EXERCISE GOAL>
In your copy of the data, include no pictures and alter nothing else.

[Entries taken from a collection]
------

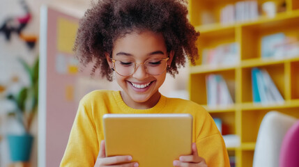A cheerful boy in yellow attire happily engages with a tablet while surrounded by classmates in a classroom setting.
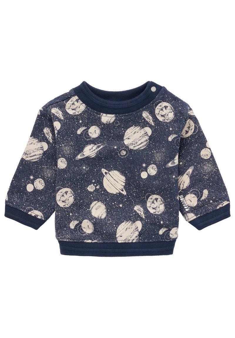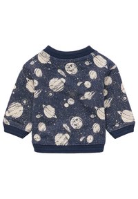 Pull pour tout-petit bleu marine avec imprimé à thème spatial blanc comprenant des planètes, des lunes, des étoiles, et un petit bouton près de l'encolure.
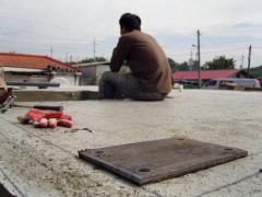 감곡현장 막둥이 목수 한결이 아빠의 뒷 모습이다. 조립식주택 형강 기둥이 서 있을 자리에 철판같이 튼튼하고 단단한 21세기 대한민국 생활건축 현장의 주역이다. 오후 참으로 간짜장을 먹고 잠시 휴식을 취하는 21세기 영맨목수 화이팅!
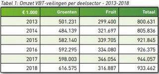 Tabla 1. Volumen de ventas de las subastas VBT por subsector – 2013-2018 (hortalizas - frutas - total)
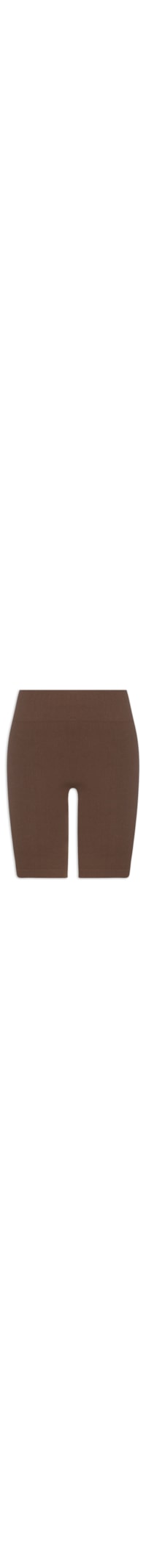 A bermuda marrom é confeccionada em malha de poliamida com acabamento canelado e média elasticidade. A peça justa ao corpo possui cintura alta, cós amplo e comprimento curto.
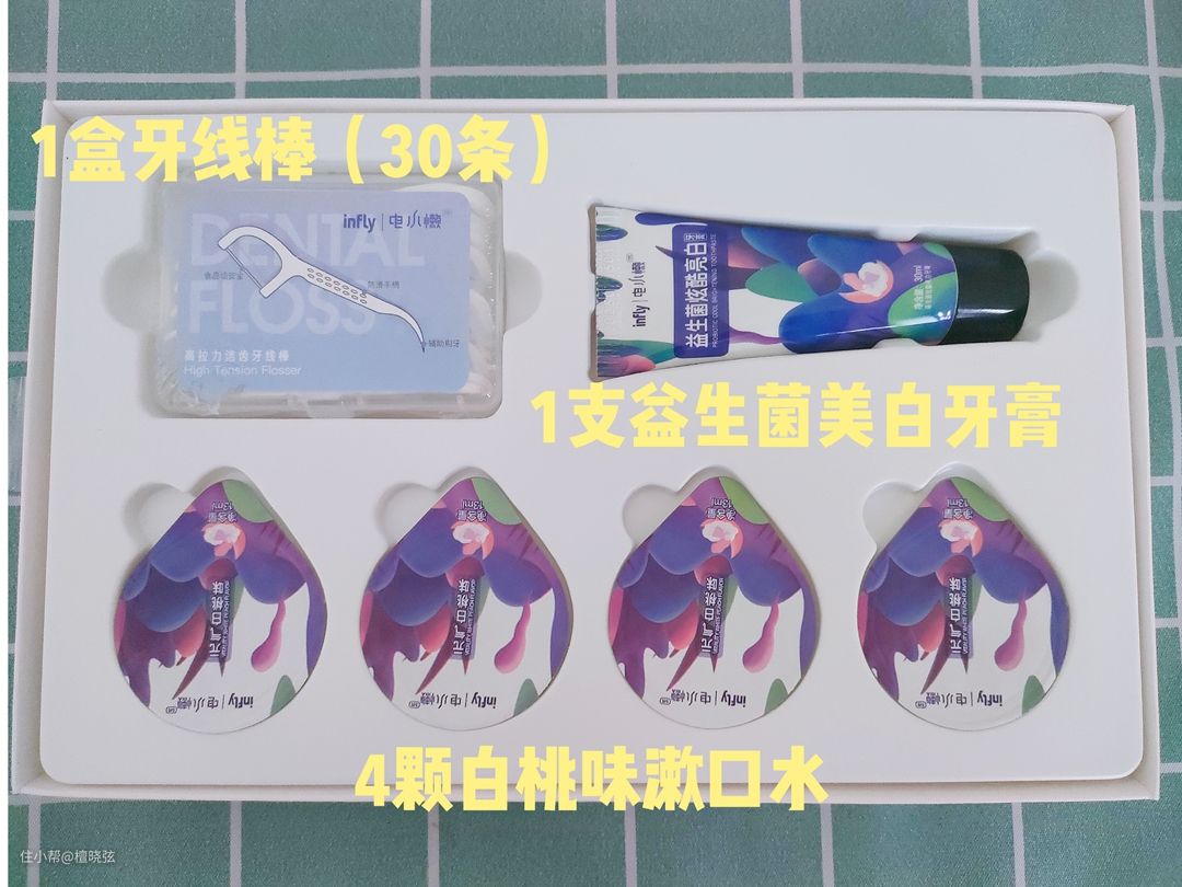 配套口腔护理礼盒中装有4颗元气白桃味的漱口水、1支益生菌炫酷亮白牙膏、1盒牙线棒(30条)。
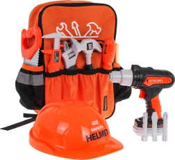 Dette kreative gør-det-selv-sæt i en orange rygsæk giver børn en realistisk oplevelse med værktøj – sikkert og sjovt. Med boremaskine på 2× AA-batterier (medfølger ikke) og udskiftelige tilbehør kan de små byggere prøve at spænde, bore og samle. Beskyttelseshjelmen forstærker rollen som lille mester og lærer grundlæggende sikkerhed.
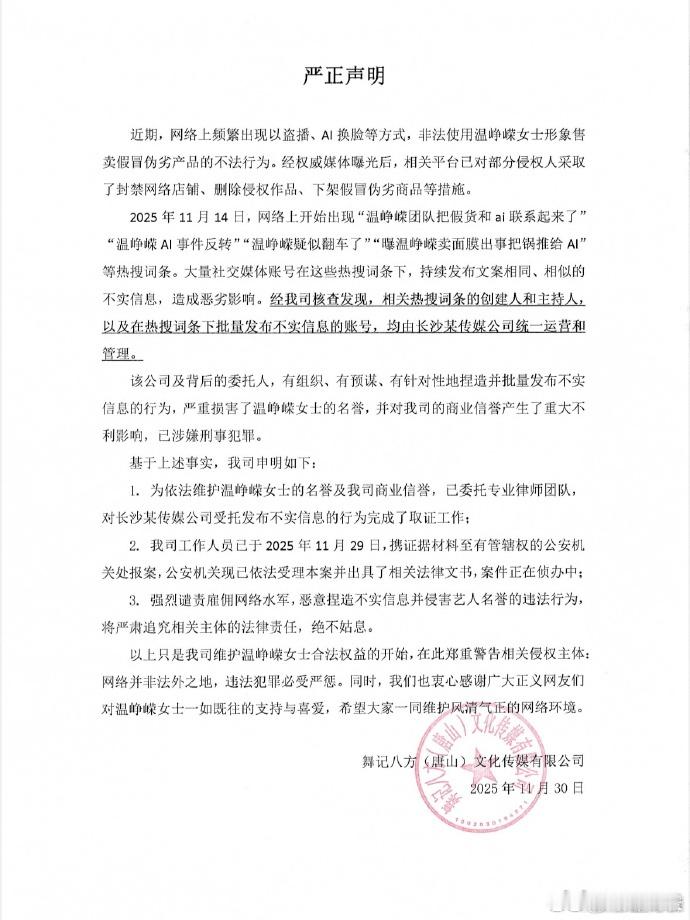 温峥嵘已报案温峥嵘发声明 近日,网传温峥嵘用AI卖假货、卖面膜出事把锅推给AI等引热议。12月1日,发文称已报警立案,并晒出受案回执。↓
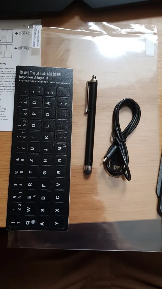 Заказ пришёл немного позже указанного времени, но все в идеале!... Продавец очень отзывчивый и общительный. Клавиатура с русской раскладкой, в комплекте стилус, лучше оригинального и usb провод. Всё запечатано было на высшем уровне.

------

ANSWER TO THIS EXERCISE>
A cheerful boy in yellow attire happily engages with a tablet while surrounded by classmates in a classroom setting.
 Pull pour tout-petit bleu marine avec imprimé à thème spatial blanc comprenant des planètes, des lunes, des étoiles, et un petit bouton près de l'encolure.
 감곡현장 막둥이 목수 한결이 아빠의 뒷 모습이다. 조립식주택 형강 기둥이 서 있을 자리에 철판같이 튼튼하고 단단한 21세기 대한민국 생활건축 현장의 주역이다. 오후 참으로 간짜장을 먹고 잠시 휴식을 취하는 21세기 영맨목수 화이팅!
 Tabla 1. Volumen de ventas de las subastas VBT por subsector – 2013-2018 (hortalizas - frutas - total)
 A bermuda marrom é confeccionada em malha de poliamida com acabamento canelado e média elasticidade. A peça justa ao corpo possui cintura alta, cós amplo e comprimento curto.
 配套口腔护理礼盒中装有4颗元气白桃味的漱口水、1支益生菌炫酷亮白牙膏、1盒牙线棒(30条)。
 Dette kreative gør-det-selv-sæt i en orange rygsæk giver børn en realistisk oplevelse med værktøj – sikkert og sjovt. Med boremaskine på 2× AA-batterier (medfølger ikke) og udskiftelige tilbehør kan de små byggere prøve at spænde, bore og samle. Beskyttelseshjelmen forstærker rollen som lille mester og lærer grundlæggende sikkerhed.
 温峥嵘已报案温峥嵘发声明 近日,网传温峥嵘用AI卖假货、卖面膜出事把锅推给AI等引热议。12月1日,发文称已报警立案,并晒出受案回执。↓
 Заказ пришёл немного позже указанного времени, но все в идеале!... Продавец очень отзывчивый и общительный. Клавиатура с русской раскладкой, в комплекте стилус, лучше оригинального и usb провод. Всё запечатано было на высшем уровне.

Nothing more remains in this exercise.